The invention discloses a pedestrian re-identification method based on deep reloading, which comprises a training stage and a testing stage. The overall frame is divided into two branches: and (4) extracting a branch network E from the original image characteristic, and deeply reloading the branch network M to extract the characteristic. Firstly, the pictures in the training data set are reloaded by using a ready-made deep reloading model and are stored in the training data set. In the training phase, both branches participate in training. Taking the deep reloading feature extraction branch M as an example, the pedestrian picture after deep reloading is input into the backbone network to extract features, and then is separated into identity features and clothing features through an attention mechanism. The identity features extracted by the two branches are drawn as close as possible to extract more robust identity features. In the testing stage, only the network E is used for extracting identity features for the input pictures for identity inference. The pedestrian re-identification method can complete the pedestrian re-identification task, and effectively reduce the negative influence of appearance changes such as pedestrian reloading on pedestrian re-identification.

Description

Pedestrian re-identification method based on deep reloading
Technical Field
The invention belongs to the field of computer vision and pattern recognition, and particularly relates to a pedestrian re-recognition method based on deep reloading.
Background
In recent years, with the wide application of monitoring equipment, pedestrian identification related technologies have gained more and more attention, and pedestrian identification focuses on finding pedestrians with the same identity in a pedestrian database by using a shot pedestrian picture to determine the identity of the shot pedestrian. The pedestrian identity recognition has wide application scenes in the environment of the Internet of things and big data, and comprises the fields of intelligent cities, intelligent security and the like. At present, the main pedestrian re-identification technology is closely related to pedestrian identity identification, the pedestrian re-identification also obtains wide attention recently, and remarkable performance improvement is achieved on the public data set. However, the high pedestrian identity labeling cost in the real scene, the great difference of the pedestrian pictures obtained in different domains (scenes) in the aspects of illumination, background, posture and the like brings great challenges to the application of pedestrian re-identification in the real scene, the current mainstream deep learning method generally focuses on the appearance information of the pedestrian for inference, and the pedestrian identity labeling cost is difficult to apply in the real scene in which the pedestrian is frequently changed.

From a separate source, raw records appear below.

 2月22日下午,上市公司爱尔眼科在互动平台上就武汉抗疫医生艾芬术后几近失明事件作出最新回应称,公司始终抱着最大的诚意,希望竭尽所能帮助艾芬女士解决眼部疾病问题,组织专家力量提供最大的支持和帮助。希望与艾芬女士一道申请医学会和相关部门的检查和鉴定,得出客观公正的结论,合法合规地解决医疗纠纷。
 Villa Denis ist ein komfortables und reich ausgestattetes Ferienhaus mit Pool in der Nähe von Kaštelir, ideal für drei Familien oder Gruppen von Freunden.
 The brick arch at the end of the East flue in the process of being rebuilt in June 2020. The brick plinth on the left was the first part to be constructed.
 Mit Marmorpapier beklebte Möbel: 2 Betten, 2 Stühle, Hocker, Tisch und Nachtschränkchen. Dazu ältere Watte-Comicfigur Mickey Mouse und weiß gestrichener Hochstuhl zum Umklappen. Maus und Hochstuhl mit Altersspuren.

Most of the current algorithms use an attention mechanism to focus the model on a region with higher identification to improve the performance of the model. However, in a real scene, pedestrians frequently change clothes, the same pedestrian wears different clothes with different appearance characteristics, and if only a local area is concerned, the generalization performance of the model is poor.
Disclosure of Invention
The invention aims to provide a pedestrian re-identification method based on deep reloading, aiming at the defect that a pedestrian re-identification algorithm in the prior art is poor in effect in reloading scenes. The pedestrian re-identification method can complete the pedestrian re-identification task, and effectively reduce the negative influence of appearance changes such as pedestrian reloading on pedestrian re-identification.
The purpose of the invention is realized by the following technical scheme: a pedestrian re-identification method based on deep reloading comprises the following steps:
1) and replacing the pedestrians in the training set picture by using the depth replacing model and the preselected clothing template, storing and supplementing the pedestrians in the training set picture.

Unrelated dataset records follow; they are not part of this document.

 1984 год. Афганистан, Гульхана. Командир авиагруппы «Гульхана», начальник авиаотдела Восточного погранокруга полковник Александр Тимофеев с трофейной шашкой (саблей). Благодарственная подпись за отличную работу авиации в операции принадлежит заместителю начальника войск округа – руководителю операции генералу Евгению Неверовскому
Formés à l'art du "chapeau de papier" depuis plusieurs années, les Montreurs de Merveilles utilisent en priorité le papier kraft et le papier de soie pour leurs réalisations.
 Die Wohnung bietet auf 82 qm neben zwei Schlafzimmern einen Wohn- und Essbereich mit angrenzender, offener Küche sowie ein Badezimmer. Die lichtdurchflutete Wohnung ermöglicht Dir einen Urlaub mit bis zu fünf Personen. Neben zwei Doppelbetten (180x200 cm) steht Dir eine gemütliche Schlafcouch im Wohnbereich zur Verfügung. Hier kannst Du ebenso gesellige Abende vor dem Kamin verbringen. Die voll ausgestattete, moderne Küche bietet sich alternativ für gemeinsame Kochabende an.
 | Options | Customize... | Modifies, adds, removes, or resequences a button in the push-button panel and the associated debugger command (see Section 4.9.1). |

2) In the training stage, the original image feature extraction branch network E and the deep reloading feature extraction branch network M are used for respectively extracting the identity features and the clothing features of the original image and the deep reloading image, and the networks E and M are trained, so that the extracted features have a better classification effect.
3) In the training phase, the networks E and M are trained so that the identity features extracted by E and M are closer together.

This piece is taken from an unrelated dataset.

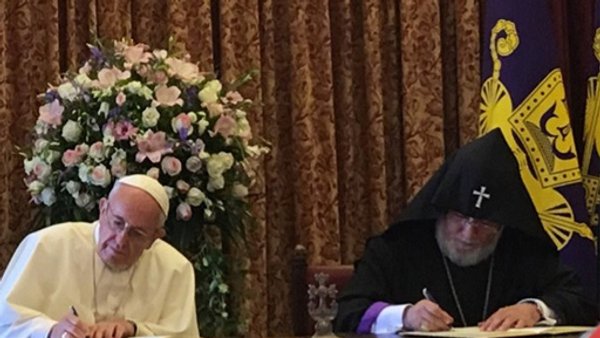 اليوم في إتشميادزين المقدسة، المركز الروحي للأرمن أجمعين، نحن، البابا فرنسيس وكاريكين الثاني، كاثوليكوس عموم الأرمن، نرفع عقولنا وقلوبنا في شكر لله القدير، على التقارب المستمر والمتزايد، في الإيمان وفي المحبة، بين الكنيسة الرسولية الأرمنية والكنيسة الكاثوليكية، عبر الشهادة المشتركة لرسالة الإنجيل، في عالم تمزقه الصراعات، عَطِش إلى العزاء والرجاء. ونحمد الثالوث القدوس، الآب والابن والروح القدس، على إتاحة الفرصة لنا للقدوم إلى هذه الأراضي الكتابية، أرارات، والتي تقف كتذكير بأن الله سيكون حماية لنا وخلاص، على الدوام. يسرنا روحيا أن نذكر أنه في عام 2001، بمناسبة الذكرى 1700 لإعلان المسيحية دينًا لأرمينيا، قد زار القديس يوحنا بولس الثاني أرمينيا، وكان شاهدًا على صفحة جديدة من العلاقات الوّدية والأخوية بين الكنيسة الأرمنية الرسولية والكنيسة الكاثوليكية. ونحن ممتنون لكوننا قد نلنا نعمة المشاركة معًا في ليتورجيا رسمية في بازيليك القديس بطرس في روما، 12 أبريل/نيسان 2015، والتي قد التزمنا خلالها، بمعارضة كلّ أشكال التمييز والعنف، وأحيينا ذكرى الضحايا الذين ذكرهم الإعلان المشترك بين قداسة البابا يوحنا بولس الثاني وقداسة كاريكين الثاني، أي "إبادة مليون ونصف من المسيحيين الأرمن، التي تُعرف عادة بأول إبادة جماعية في القرن العشرين" (27 سبتمبر/أيلول 2001).

4) In the testing stage, the original image feature extraction branch network E is only used for completing the extraction of the identity information, the identity information is used for carrying out similarity measurement and identity inference, and the highest similarity is the final matching result.
Further, in step 2), the original picture feature extraction branch network E and the deep retooling feature extraction branch network M respectively extract the identity features and clothing features of the original picture and the deep retooling picture, and the specific process is as follows: firstly, inputting a picture into a backbone network to extract a characteristic fsThen, the identity characteristic and the clothing characteristic are separated through an attention mechanism:
fs=Backbone (I)
fclo=Atten(fs)*fs
fID=(1-Atten(fs))*fs
wherein f iscloAs a characteristic of the information on the garment, fIDAs identity information features, fsInputting features extracted from the backbone network for pedestrian pictures, I picture input, Atten (f)s) For attention mechanism applied to fsThe resulting attention was sought.
Further, in the step 2), the clothing characteristics and the identity characteristics separated by the attention mechanism are supervised and trained by utilizing a classification loss:
Figure BDA0003294560550000021
Figure BDA0003294560550000022
where CE represents a classification loss.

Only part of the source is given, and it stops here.